As she sat there watching “Shimmer and Shine” and quietly swallowing her boogers, I picked up my computer, curious to see if anything had changed in the booger-eating research world. I was shocked to see that it had.
A new study proving the benefits of nose-picking and eating had been published in the journal of the American Society for Microbiology. The study had been a collaboration of scientists at several universities, including Harvard and the University of Saskatchewan (maybe Dr. Napper had been too busy preparing his publication to respond to my e-mail).
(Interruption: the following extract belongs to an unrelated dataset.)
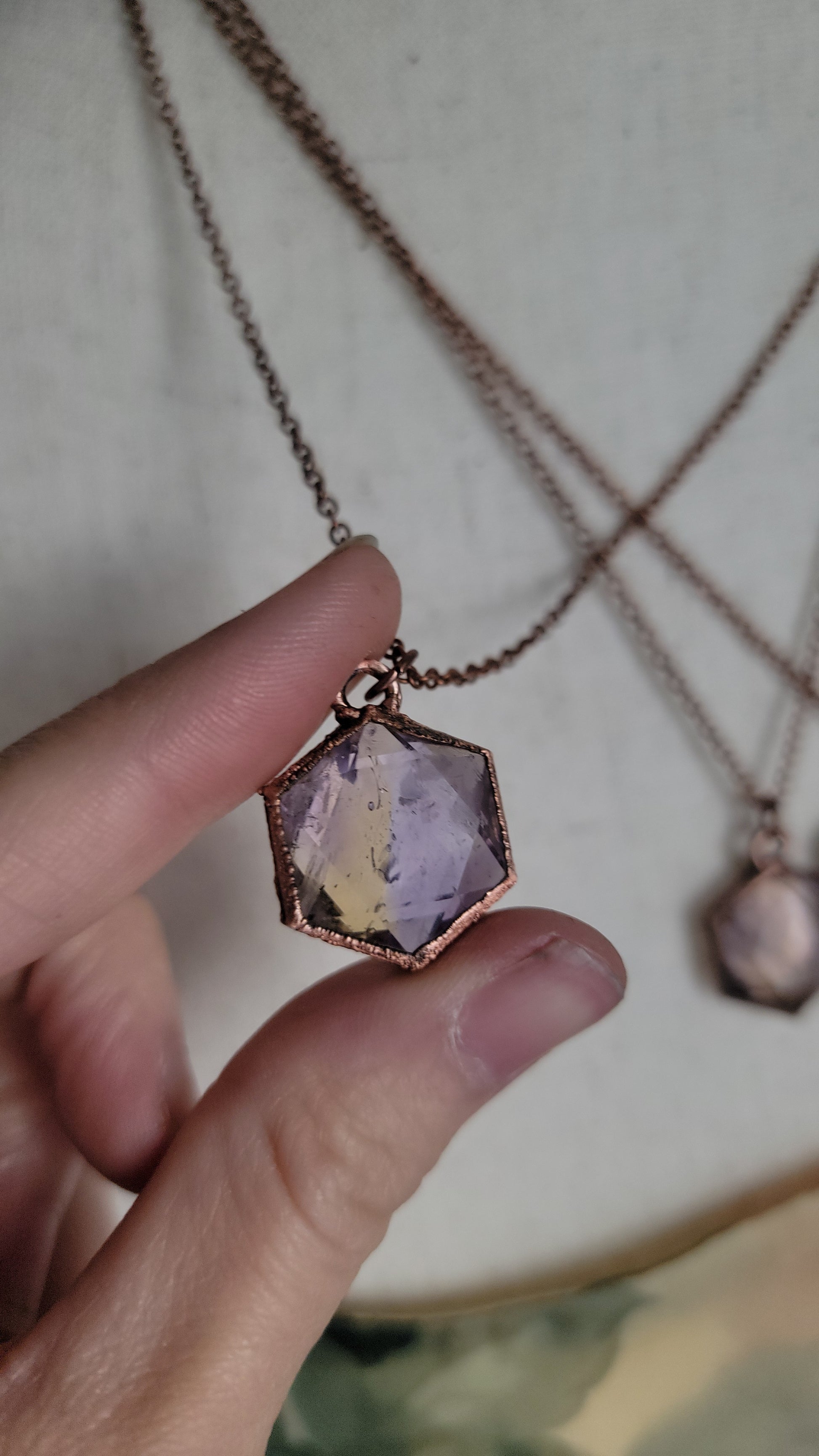 This listing is for ONE ametrine hexagon copper necklace that you can choose from the variations when adding to your cart. The copper on these has been darkened with a patina to give them an antiqued look and this comes on 18" of antiqued copper chain with a simple clasp. If you have any questions or concerns about this piece please contact me before purchasing thank you!

The researchers determined that the “rich reservoir of good bacteria”[i] found in mucous prevented cavity causing bacteria from sticking to teeth and could defend against stomach ulcers, respiratory infections, and even HIV.
Faced with quantitative evidence that boogers are not only harmless, but also practically a “superfood,” I felt vindicated…dare I say, proud of my kids? But I wanted the qualitative research, too. I turned back to my daughter again, who was still sneakily eating away.
“Why do you like to eat it so much?” I asked.
“It’s delicious,” she laughed. “It tastes like ice cream.”